Suppurative Periostitis


Suppurative PeriostitisThis condition simply indicates that the inflammation is complicated by the presence of pus organisms. It is, therefore, a common termination of the simple acute form attending the infliction of a wound. The wound becomes contaminated, and the case of simple periostitis is soon changed into the suppurative form. Once having gained entrance to the wound, the pus increases in quantity, and slowly runs between the membrane and the bone. This, however, it does not do to any large extent, showing rather a tendency to penetrate the outer fibrous layer and gain the outside of the membrane.

Suppurative periostitis is met with in foot cases, commonly in connection with punctured foot. It occurs, too, as a complication in suppurating corn, in severe tread, in complicated sand-crack, as a result of the spread of suppurative matter in acute coronitis, and in sub-horny quittor.
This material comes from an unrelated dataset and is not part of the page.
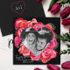 Personalize this square, red rose Valentine's Day photo card with your photo and message. Black and red card with heart shaped rose photo frame has a black speckled background on the front and back, with your initials on the back. Photo can be cropped and positioned to fit in the heart shape. Layers may need to be turned off temporarily to move around your photo.

In ordinary cases of suppurative periostitis the pus formed is yellow in colour, creamy thick, and free from pronounced odour—the so-called 'laudable' pus of the older writers. It so happens in many cases of foot trouble, however, that putrefactive organisms gain entrance side by side with those of pus. In this case the characters of the discharge are very different. It is distinctly more fluid, is of a pink or even light chocolate colour, and extremely offensive. In these instances the pus shows a marked tendency to spread, strips the periosteum from the bone, perforates the outer layer of the membrane, and finally infiltrates the surrounding tissues.

This forms a near approach to what is known in human surgery as an infective periostitis, and in our subjects is nearly always met with in cases of severe prick. Its rapidly spreading character makes it always a dangerous condition, and a punctured foot exuding a discharge of this nature should always be regarded as serious.

The close contiguity of the joint (it can never be far distant in foot cases), the spreading character of the disease, and the rapidity with which the horse succumbs to arthritis, are all factors to be taken into consideration, and to lead to a warning-note being struck when attending a case of such kind.

A further instance of infective periostitis is that met with in acute laminitis. The discharge obtained from the sole in these cases very often bears the character we have just described, and when one considers the thinness of the keratogenous membrane, one is bound to admit that changes so grave occurring in it cannot fail to spread and infect the periosteum.